New Delhi, Nov. 12: Exports fell 1.63 per cent to $23.2 billion in October, widening the trade deficit to $20.96 billion from $18.08 billion in the previous month.
While imports jumped 7.4 per cent to $44.2 billion on account of higher crude oil purchases, weak demand in the US and Europe led to a decline in exports. Prior to this, the highest monthly import was $45.2 billion in May 2011.
Exports in October last year stood at $23.63 billion.
Commerce secretary S. R. Rao said, “World trade is continuously contracting... it will have an impact on India’s trade.”
The increase in imports is because of the jump in gold and petroleum imports, Rao said.
Rafeeque Ahmed, president of the Federation of Indian Export Organisations, said, “Trade deficit is highest in recent times because of the hike in oil imports.”
Oil imports in October increased 31.6 per cent year-on-year to $14.78 billion.
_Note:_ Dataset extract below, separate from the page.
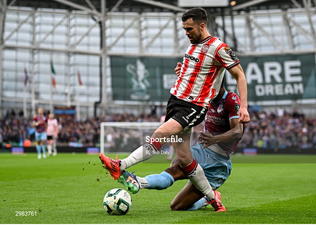 10 November 2024; Michael Duffy of Derry City is tackled by Elicha Ahui of Drogheda United during the Sports Direct Men's FAI Cup Final match between Drogheda United and Derry City at the Aviva Stadium in Dublin. Photo by Seb Daly/Sportsfile

However, non-oil imports declined 1.73 per cent to $29.42 billion.
Ahmed saw a silver lining in the export fall being lower in growth terms compared with the precious month. He said the arrest in decline pointed to recovery and the decline in exports in October was mainly on account of a slowdown in domestic manufacturing.
“We will be seeing positive growth in exports from next month which may show double-digit growth from January onwards or even earlier,” Ahmed added.
Meanwhile, at the instance of commerce and trade minister Anand Sharma, the directorate general of foreign trade is reviewing the performance of different segments of the export sector.
“The DGFT has done an extensive consultation with all the stakeholders. I think the review will be completed in the next two days,” Rao said.
He said after the analysis of the sector, the minister would take a call on whether there was any requirement of a mid-term review of the Foreign Trade Policy and if steps were needed to boost exports.
When asked if government would provide some support to exporters, the secretary said “of course”.